Hilirisasi Batu Bara di Indonesia Terkendala Teknologi
PALEMBANG – PT Bukit Asam Tbk (PTBA) terganjal pada teknologi dan keekonomian dalam menerapkan hilirisasi batu bara yang ditargetkan produk gasifikasinya mulai beroperasi komersial (COD) pada triwulan II 2024.
Project Engineer Pengembangan Energi dan Hilirisasi PT Bukit Asam, Djoko Budi Santoso, mengatakan dua hal ini menjadi tantangan dan hambatan tersendiri bagi perusahaannya untuk melahirkan produk gasifikasi batu bara, yakni Dymethil Ether (DME) yang sudah dicanangkan sejak Maret 2019.
“Teknologi yang memilikinya sangat terbatas, hanya ada Cina dan Afrika Selatan. Ini menjadi tantangan tersendiri bagi perusahaan kami,” kata dia dalam Webinar “Potensi Akselarasi Ekonomi Melalui Hilirisasi Komoditas Utama, Gasifikasi Batubara” yang diselenggarakan Bank Indonesia Provinsi Sumatra Selatan.
Ia menilai, apa yang terjadi dengan dua negara itu dapat menjadi rujukan bagi Indonesia, mereka berhasil menemukan teknologinya karena “keterpaksaan”, yakni saat mendapat embargo minyak dari negara penjual.
Afrika Selatan berusaha menghasilkan minyak (solar) dari batu bara, sementara Cina lantaran dipicu tingginya kebutuhan batu bara untuk industri, tapi sumber dayanya berada di pedalaman (biaya transportasi tinggi).
“Kini kedua negara ini sudah menghasilkan DME, sintentik fuel, petro chemical, termasuk menghasilkan serat kain melalui gasifikasi batu bara,” kata dia.

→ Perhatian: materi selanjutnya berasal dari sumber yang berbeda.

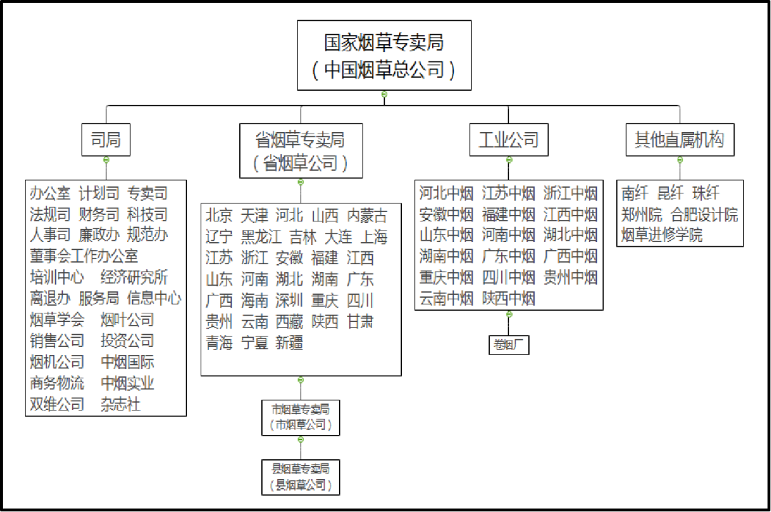 烟草局的全称叫做烟草专卖局。从下方的组织架构可以看到,国家烟草专卖局下设33个省烟草专卖局,这些专卖局就是毕业生们向往的单位,就业稳定,待遇也不错。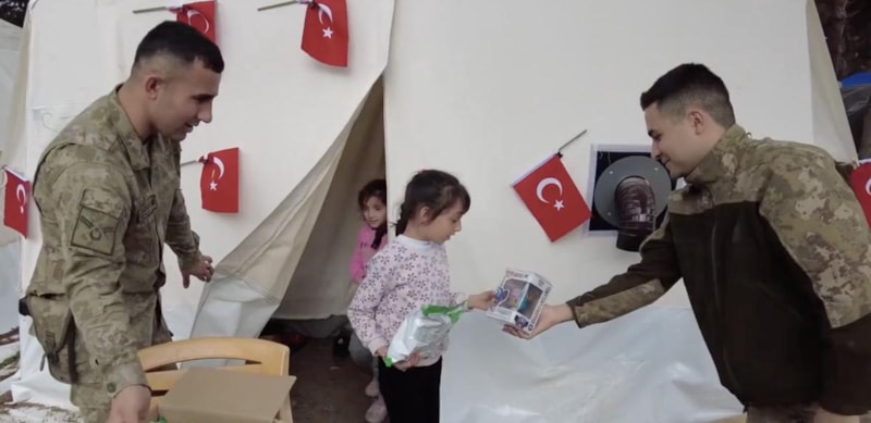 Kahramanmaraş merkezli depremlerin ardından vatandaşların her türlü ihtiyacına koşturan Mehmetçik, depremzede çocuklara oyuncak ve yiyecek dağıttı.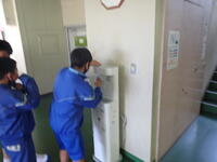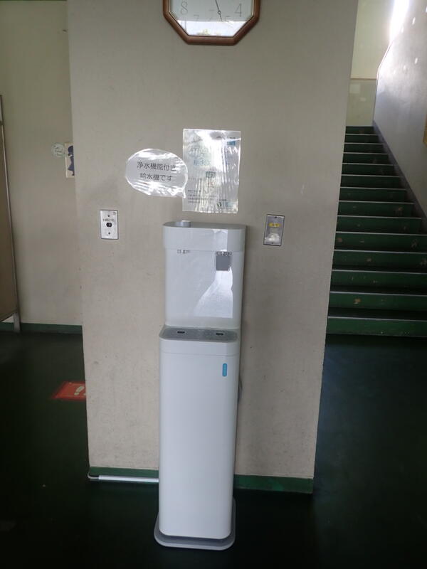 「春日部市役所プラスチック・スマート宣言」に基づき、ウォーターサーバー(常温)を1年間無償貸与という取組を活用し、本校に2台設置されました。1台はB棟昇降口(1,2年生用)、1台はA棟昇降口(3年生用)です。常温とは言え、高い浄水能力で「いつもおいしい水が飲み放題」という環境が整いました。連休が明けたらすぐに使用できます。ただ注意事項が1点。これは直接口を近づけ飲むものではなく、ボトル・水筒・カップに注ぐようになっています。優れた点は、同時に2つ注ぐことができます。左側は上部にあるダイヤルをひねれば給水します。右側はボトル等を奥に押し込むだけで給水します。賢い使い方としては、家庭で水筒内にたくさんの氷を入れて学校で給水すればいつでも冷たい水を飲むことができます。是非活用してください。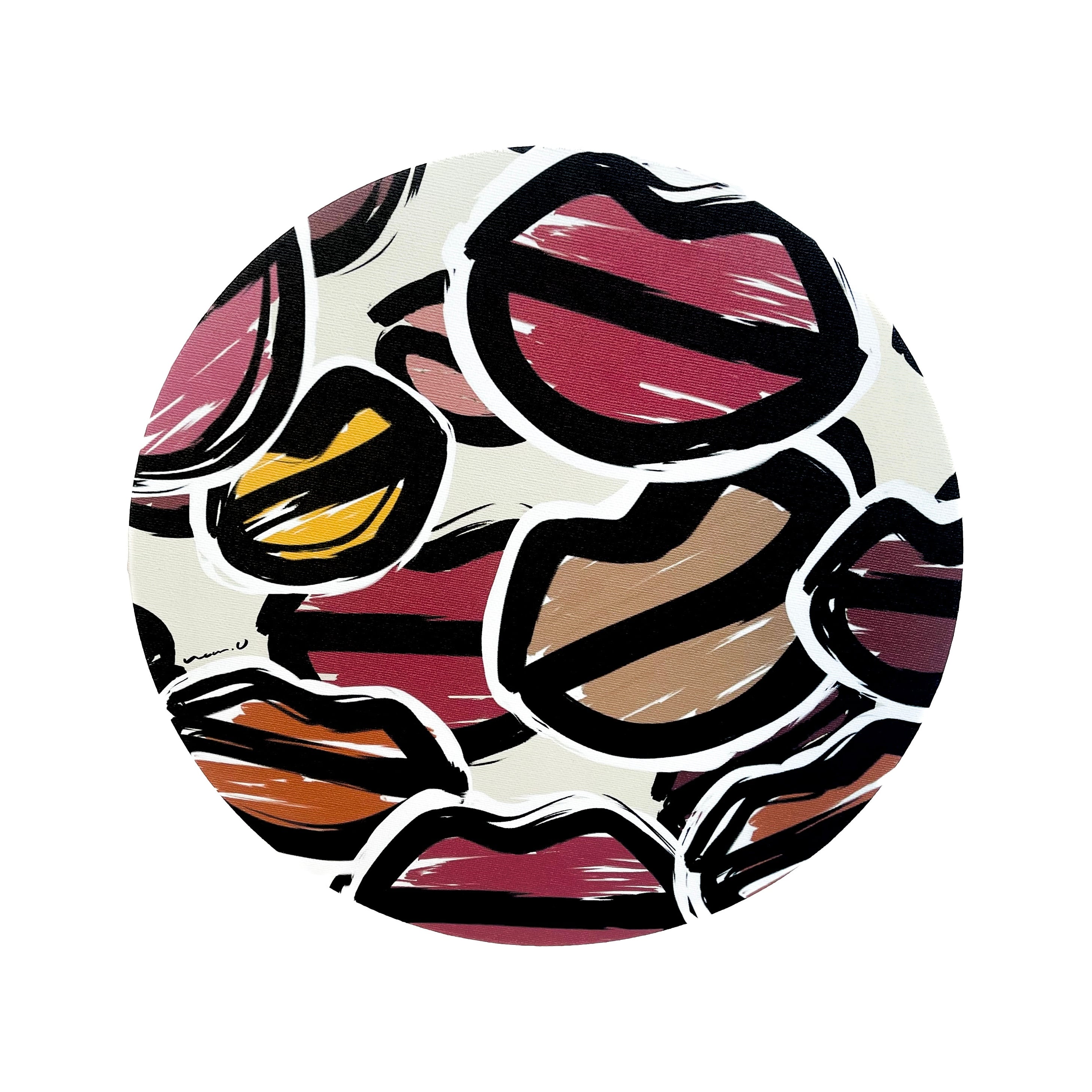 くちびるで埋め尽くされた丸型キャンバスボード。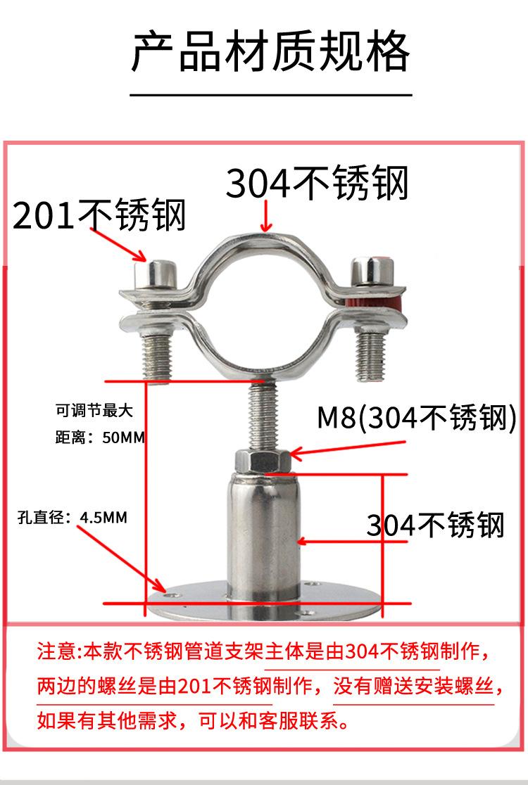 Abrazadera de tubería de agua, abrazadera telescópica ajustable de acero inoxidable 304, abrazadera de fijación para tubería de gas, soporte de tubería de PVC

Menurut Djoko, keberhasilan dari dua negara ini menjadi motivasi tersendiri bagi perusahaannya untuk menyukseskan proyek gasifikasi batu bara ini (Coal to DME), yang merupakan merupakan buah kerja sama antara dua perusahaan BUMN, PT Bukit Asam Tbk dan PT Pertamina (Persero), dengan Air Products, perusahaan multinasional permilik teknologi gasifikasi batu bara asal Amerika Serikat.